Siedząc na podłodze, z zapałem czytałyśmy wszystko po kolei. Pan Simon, wezwany telefonicznie, znalazł się bardzo szybko na miejscu rzekomego przestępstwa, gdzie zastał nieżywego wicehrabiego de Pouzac i duży bałagan w pokoju. Pierwsze podejrzenia padły natychmiast na niejakiego Michela Trepona, pomocnika jubilera, który przed chwilą tam przybył i po chwili znikł tajemniczo, ale pan Simon, nie w ciemię bity, zbadał rzecz dokładnie. Dowodem obecności młodzieńca była leżąca na podłodze bransoletka, której przedtem nikt nie widział, a która wedle zeznań jubilera, została właśnie przysłana po wygrawerowaniu pamiątkowego napisu. Pomocnik ją przyniósł. Wedle zeznań lokaja, niósł ją chyba w niedużym żółtym sepeciku, bo zbliżając się do drzwi gabinetu wicehrabiego, sięgał w głąb sepeciku ręką, jakby coś stamtąd wyjmował. Dalszy ciąg odbył się w cztery oczy i stanowił tajemnicę, tyle że nie dla pana Simona.

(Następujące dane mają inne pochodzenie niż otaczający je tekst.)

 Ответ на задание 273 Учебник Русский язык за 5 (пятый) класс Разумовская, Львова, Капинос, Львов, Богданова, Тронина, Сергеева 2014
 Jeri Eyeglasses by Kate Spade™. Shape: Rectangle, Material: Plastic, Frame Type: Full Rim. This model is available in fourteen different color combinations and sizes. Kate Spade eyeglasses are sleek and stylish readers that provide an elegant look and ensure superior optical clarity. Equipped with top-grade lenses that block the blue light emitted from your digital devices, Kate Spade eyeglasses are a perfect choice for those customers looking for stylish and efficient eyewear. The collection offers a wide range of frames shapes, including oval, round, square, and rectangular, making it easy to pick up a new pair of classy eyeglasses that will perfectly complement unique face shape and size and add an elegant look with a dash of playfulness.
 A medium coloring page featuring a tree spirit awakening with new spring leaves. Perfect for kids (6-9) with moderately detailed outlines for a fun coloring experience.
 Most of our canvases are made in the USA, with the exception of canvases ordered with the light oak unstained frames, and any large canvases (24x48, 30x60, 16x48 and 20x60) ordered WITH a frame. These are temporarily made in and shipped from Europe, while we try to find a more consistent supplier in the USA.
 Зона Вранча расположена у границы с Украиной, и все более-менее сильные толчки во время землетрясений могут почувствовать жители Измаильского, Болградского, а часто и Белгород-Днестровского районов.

Jego prywatnym zdaniem, wicehrabia siedział przy stoliku i oglądał wielką księgę, cenne zabytkowe dzieło, które kupił zaledwie poprzedniego dnia. Dzieło okazało się kompletnie zdewastowane w środku, co wicehrabiego zdenerwowało niewymownie. Wydał nawet kilka okrzyków, słyszanych przez lokaja.

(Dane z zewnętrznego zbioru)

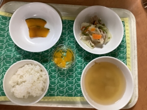 ごはん 白身魚のごましょうゆ焼 さつまいものレモン煮 すまし汁 フルーツ
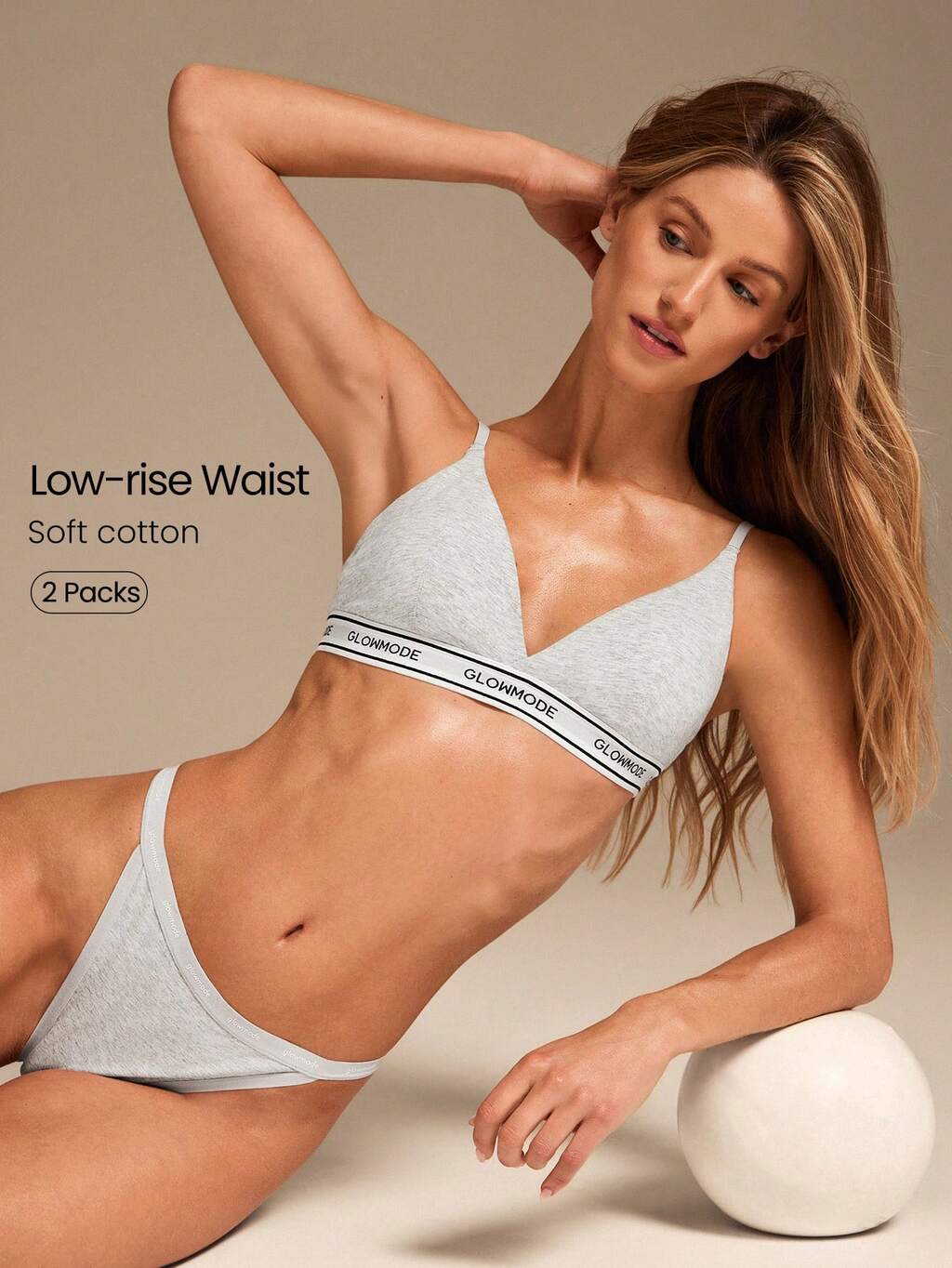 2팩 칠 앤 시크 면 혼방 부드럽고 통기성 좋은 땀 흡수 컬러 대비 로고 허리 밴드 로우 라이즈 끈 데일리 캐주얼 웨어
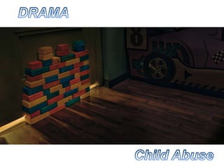 The document discusses the issue of child abuse, emphasizing its prevalence and the long-lasting emotional effects on victims. It outlines a film opening that aims to depict the struggles of a teenager aged 13-14 living with an alcoholic mother in an inner-city setting, aiming to raise awareness among viewers aged 15 and older. The document details the technical aspects of filming, including shot types, location challenges, and character development relevant to the drama genre.
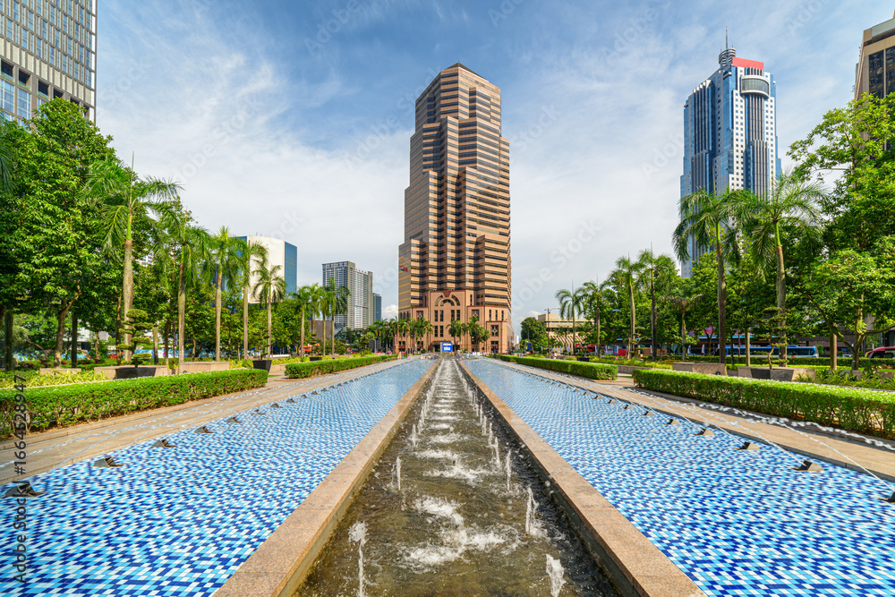 Fototapeta Scenic fountains and Public Bank Berhad building, Kuala Lumpur
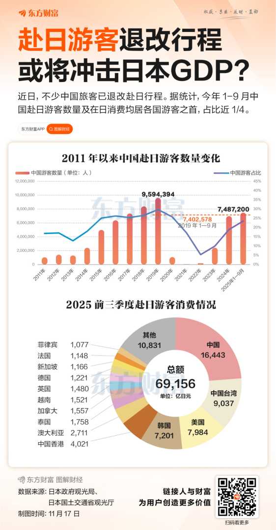 央视新闻援引日本野村综合研究所研究员木内登英11月16日的发言表示,若访日中国游客大幅减少,日本国内生产总值将减少0.36%,初步计算经济损失将达2.2万亿日元,约合人民币1011.6亿元。这一预测凸显了中国游客对日本旅游经济的重要性。

Nader istotne znaczenie ma fakt, iż wicehrabia posiadał sztuczną szczękę, którą, jako człowiek jeszcze młody, starannie ukrywał przed otoczeniem, co nie przeszkadzało, że wszyscy o niej wiedzieli. Przy nerwowym okrzyku musiała mu wypaść akurat w momencie wejścia do gabinetu osoby postronnej. Nie patrząc zapewne nawet, kto wchodzi, wicehrabia rzucił się na dywan, żeby ją podnieść, potrącił chwiejny postument i spadająca z postumentu marmurowa rzeźba trafiła go prosto w głowę. Równocześnie, albo prawie równocześnie, przewrócił się stolik, z którego zleciała księga i bransoleta. Pan Simon uważa, że pomocnik jubilera, wchodzący właśnie z bransoletą w ręku, zareagował odruchowo, rzucił się w kierunku katastrofy, upuszczając klejnot. Owijająca go bibułka spadła, leżała obok.

– Dlaczego, do diabła, przyniósł tę bransoletę w bibułce, a nie w eleganckim etui i nikomu nie wydało się to podejrzane? – spytała w tym miejscu Krystyna z nagłą irytacją.

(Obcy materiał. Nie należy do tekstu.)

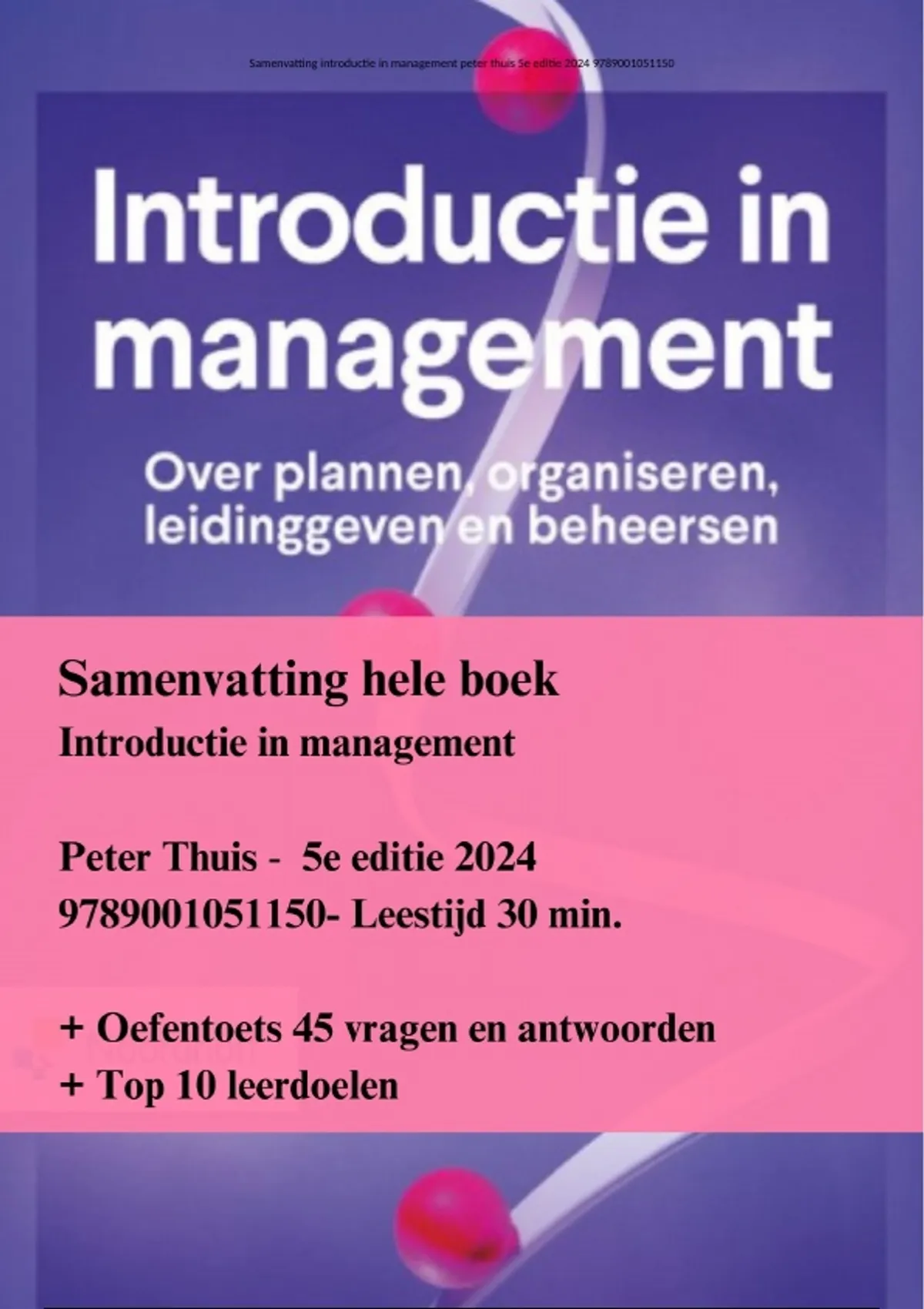 ,Samenvatting introductie in management peter thuis 5e editie 2024 9789001051150
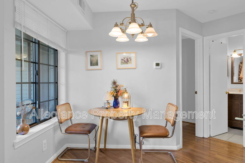 Ground-level Solarium model in Alexandria’s popular Manchester Lakes, featuring a private entrance, sunroom, and assigned parking just outside your door. Bright, corner-unit condo with an open, easy-flow layout in a well-maintained community. The main living space features warm wood flooring, large windows on multiple sides for abundant natural light, and a wood-burning fireplace that anchors the room. The updated kitchen opens seamlessly to the living and dining areas and includes a peninsula with seating, quartz countertops, stainless steel appliances, and ample cabinet space—ideal for both everyday living and entertaining. The dining area is set within a window-lined nook, creating a defined space while maintaining the open feel. Just off the living room, a sunroom with vaulted ceilings and oversized windows offers the perfect flex space for a home office or guest room. The primary bedroom is generously sized with hardwood flooring, great natural light, and a large mirrored closet. The full bathroom is well maintained with an updated vanity and lighting. Additional features include in-unit washer and dryer, neutral paint throughout, and a private covered patio at the entry—ideal for outdoor seating. Assigned reserved parking space #164 is located directly next to the building for easy, everyday access, with ample visitor parking available nearby without the need for a permit. Four-legged friends welcome—cats and dogs allowed with a refundable pet deposit. Tenant is responsible for electric, water, and sewer. Residents enjoy access to Manchester Lakes amenities including a community pool, fitness center, tennis and basketball courts, walking paths, playgrounds, and scenic green spaces—offering a balanced mix of recreation and everyday convenience. Ideally located just minutes from the Franconia-Springfield Metro, Springfield Town Center, Kingstowne shops and restaurants, and major commuter routes including I-495, I-395, and the Fairfax County Parkway. For more details, please call . All Allegiance Property Management residents are enrolled in the mandatory Resident Benefits Package (RBP) for $55.95/month which includes liability insurance, credit building to help boost the resident’s credit score with timely rent payments, up to $1M Identity Theft Protection, HVAC air filter delivery (for applicable properties), utility concierge service making utility connection and home service setup a breeze during your move-in, resident rewards program, on-demand pest control (optional), and much more! If a resident chooses not to have on-demand pest control, the RBP cost will be $40.95. More details upon application.

– Nie mam pojęcia – odparłam nerwowo. – Ale przysięgnę, że pan Simon i to także wyjaśnił.

Moje słowa sprawdziły się zaraz w następnym kolejnym akapicie. Przedtem jeszcze pan Simon stwierdzał, że stolik był ośmiokątny i rogiem trafił wicehrabiego dodatkowo…

– Siła złego na jednego – mruknęła moja siostra… pomocnik jubilera zaś zgłupiał od tego, przeraził się śmiertelnie i uciekł.

Jubiler zeznał, iż bransoletę dostarczył luzem, tak jak mu została przyniesiona, bo wicehrabia tego sobie życzył. Wyznał w rozmowie, że należy ona do damy, stanowi prezent od niego, została zabrana. podstępnie dla wygrawerowania napisu i tak samo podstępnie zostanie podrzucona. Dama oczywiście etui posiada, ale trudno było wszak przeszukiwać jej toaletkę, więc dajmy sobie z tym spokój. Wnioskując z treści napisu, napomykającego o upojnych chwilach, wicehrabia mówił prawdę, aczkolwiek po jego śmierci do bransolety żadna dama się nie przyznała. Zapewne była zamężna.

– No proszę – wytknęłam. – Masz wyjaśnienie.

– Dobra, szlag niech trafi damę. Co tam jest dalej?

Zdewastowane dzieło leżało na podłodze i widać było, że w środku jest kompletnie dziurawe. Pan Simon zaledwie rzucił na nie okiem. Zaraz potem ktoś je podniósł, tak samo jak bransoletę, zapewne otumaniony zdenerwowaniem lokaj, czemu komisarz nie zdołał zapobiec w panującym zamieszaniu. Do wicehrabiego należało dopuścić lekarza, wpadli przyjaciele ofiary, podrzędny funkcjonariusz policji nie dał sobie z nimi rady, po czym dziurawe dzieło znikło. Drogą żmudnych dociekań pan Simon stwierdził, iż należało do hrabiny de Noirmont, a zabrała je zapewne jej wnuczka, panna Justyna Przyleska, obecna na miejscu nieszczęścia przez krótką chwilę.

– No i rozumiem, że wtedy zaczął się pchać do prababci z wizytą – rzekła z ulgą Krystyna.

– A prababcia, głowę daję, potwierdziła wersję sztucznej szczęki – podjęłam natychmiast. – Sokoły mu chyba nawet pokazała, bo dlaczego nie.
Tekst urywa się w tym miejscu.